I watch you these days, crying, wanting to be held across my lap and fed your milk from a sippy cup like your little brother. You're still too small to want to be a big girl. You're still, really, a baby yourself.

And no matter how many moments I try to make in each day where it's just you and me, where you're the centre of the world, I know it's never enough. You had me to yourself until 9 weeks ago when it all changed. You were my baby and now I have to look after Simon. I see your eyes follow me when I go to get him out of his cot, hear you whimper and then full-on cry when I get up with him in the early hours of the morning. It kills me, kiddo.

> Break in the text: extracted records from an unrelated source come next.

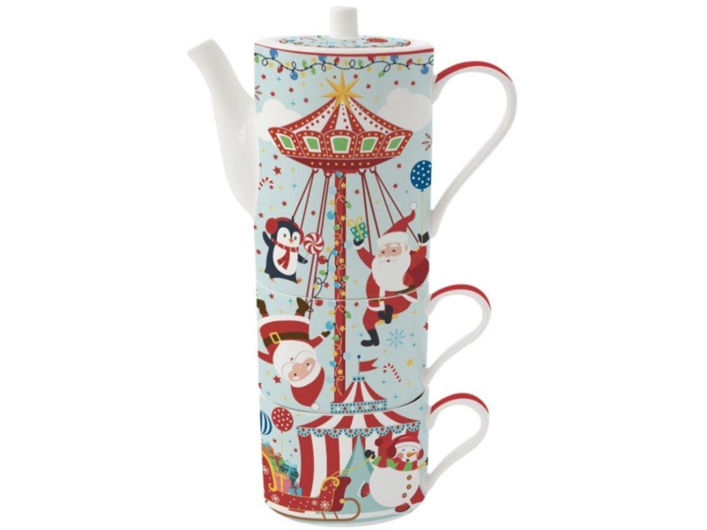 Set 2 hrnčekov na čaj s čajníkom, Coffee Mania Santa's Carousel
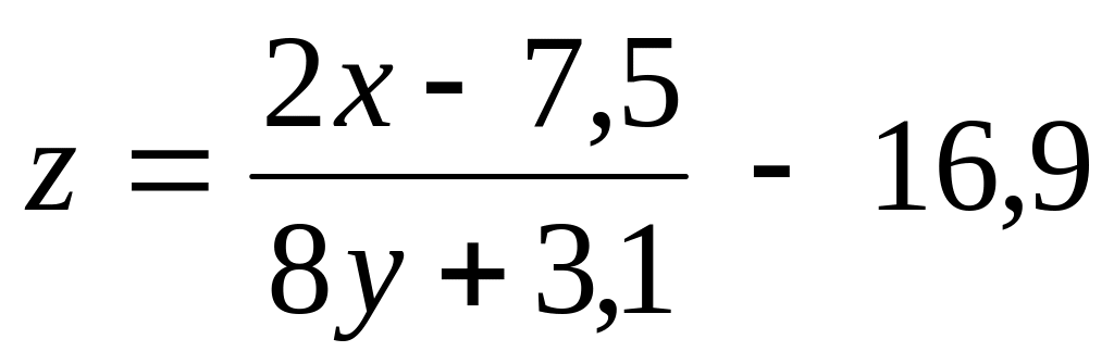 z:=(2*x–7.5)/(8*y+3.1) – 16.9;
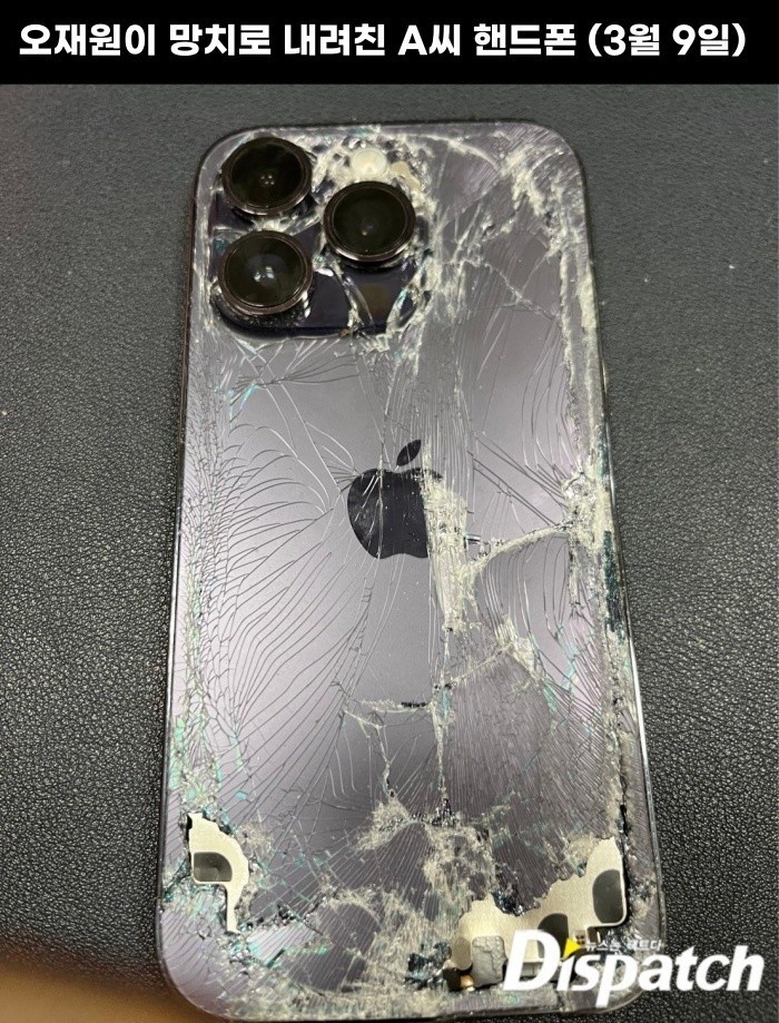A 씨의 아이폰은 박살났다. "휴대폰을 들고 계단을 올라가는데 오재원이 쫓아와서 제 멱살을 붙잡았다. 저를 끌고 내려갔다. 도망가기 위해 한 칸 올라가니, 야구 방망이를 바닥으로 치며 한 발짝만 더 올라가봐 죽인다고 했다"고 말했다.

I want to make you see how special you are to me, how badly I wanted you and how you made years of hoping and waiting and disappointment and doctors and tears all worth it in the instant I held you in that hospital room. That every day we shared, just us girls, will always be precious to me. How much I love seeing you grow-- it's never been as bitter as sweet for me. I'm so proud of you, so in awe of you, so in love with you, and even when I'm sitting there, helpless to solve the sadness that's making you cry because I'm feeding your (very needy) brother, I'm watching you and loving you and soaking up every second of seeing you grow and learn and show off just how incredibly smart and beautiful you are.


Sometimes, these days, I feel enormous guilt-- the night I took the pregnancy test for Simon, I looked at you sleeping in your cot and cried-- I felt I was cheating you of time with me, time to be our baby. I know that, before long, you two will be glad to have each other, and that you have someone to love for your whole life, but right now, it's hard for me, too.

So just know that you're still my very special girl, and even though I always thought it was super hokey and cheesy, it's true; a parent's heart expands to hold more love with subsequent children. The love isn't divided, it's multiplied.

Please be gentle with me, darling girl.